And even if you somehow manage to get a card, guess what? It doesn’t guarantee smooth payments. In fact, the headache is just getting started.

Even when people have cards, they can’t use them online

Okay, let’s say you finally get a card. Fantastic. But what happens next?

First, not everyone is sophisticated. Inserting a card into an ATM and punching in a PIN is easy. It’s the same interface across Africa. But try making an online payment, and you’re in for a different experience. Every website and payment provider has a different flow. What you see on Paystack isn’t what you get with PayFast. So even if you’ve memorized how one platform works, that knowledge won’t help you elsewhere.

Now, add to that the fact that the quality of cards here isn’t even great to start with. They wear out fast. if you’ve used an ATM in Africa, you’ve seen those cards with numbers completely rubbed off. Now imagine trying to make an online payment when you can’t even read your own card details. Some people forget their cards entirely, leaving them at home or buried in some wallet no one can find. Others walk around with expired debit cards, completely unaware.

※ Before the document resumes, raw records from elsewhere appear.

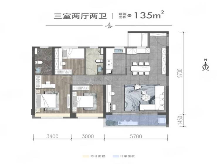 3室2厅2卫1厨, 135平米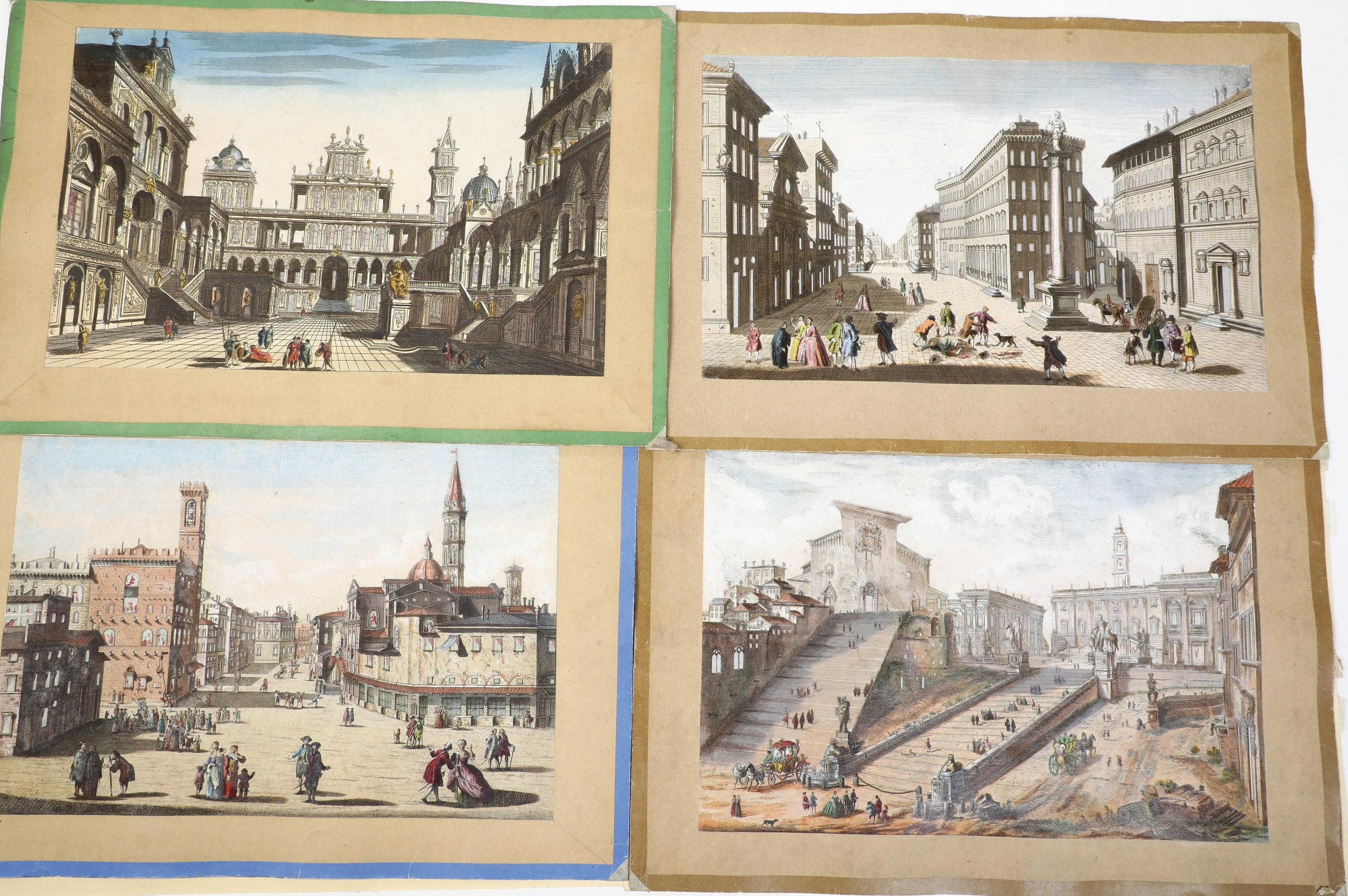 Mondo nuovo-quattro stampe traforate a colori. Roma, les escalier de l'eglise da Ara Caeli; Firenze, L'eglise et le Pont de la Trinitè; Firenze, la prevaute et le palè du grand magistere; Superbe edifice de fantasie.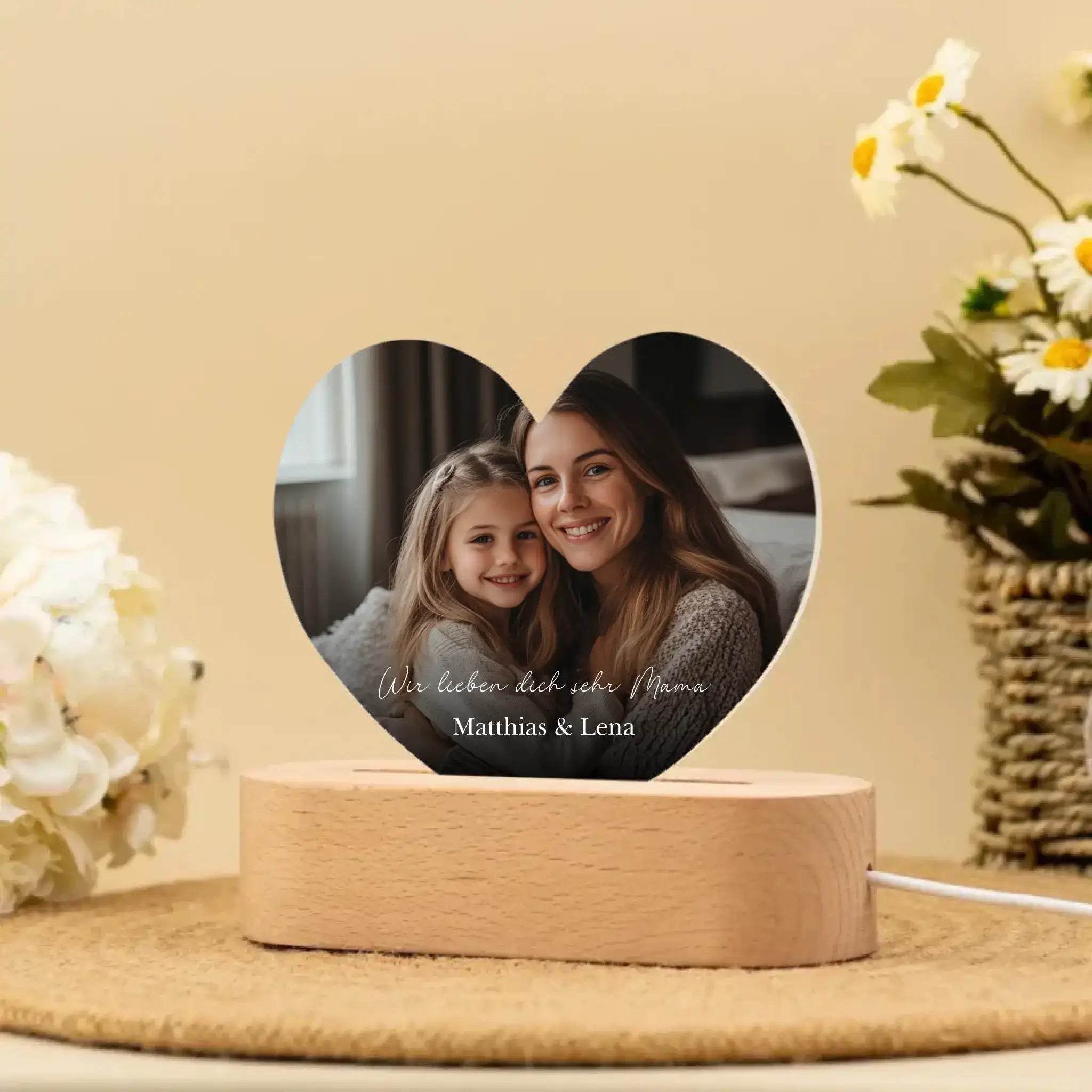 Das edle Herz-Design mit eurem Lieblingsfoto und einer individuellen Widmung wird zu einem echten Highlight. Die sanfte LED-Beleuchtung schafft eine warme, gemütliche Atmosphäre und macht dieses Nachtlicht zu einem besonderen Deko-Element.

And even when the card is in perfect condition, it still might not work. Some banks require customers to “activate” their cards before they can make online payments. No activation, no transaction. Then there’s fraud protection, which often kills transactions before they even begin. Many African banks insist on sending OTPs (one-time passwords) for security. The problem? Mobile networks here are unreliable. Sometimes the OTP never arrives, sometimes it takes forever, and sometimes the bank just blocks the transaction for fun.

By the time you go through all this trouble, only about 10 to 20 percent of banked customers can actually make online payments with their cards. And those 10 to 20 percent? They’re just lucky.

Even when cards work, they don’t work

So you’ve got your card, and miraculously, it’s in your hand, activated, and ready to use. You go to an e-commerce site, enter your details, and… nothing. The transaction takes forever to process or the internet connection fails midway. Perhaps, the bank’s system crashes. Or you feel you refresh the page by mistake, and the payment vanishes into thin air.

E-commerce businesses in Africa learned this the hard way. In the early days, they relied on card payments, until they realized that customers just couldn’t complete transactions. That’s why “payment on delivery” became a thing, and that, too, turned into a nightmare when customers ghosted on payments.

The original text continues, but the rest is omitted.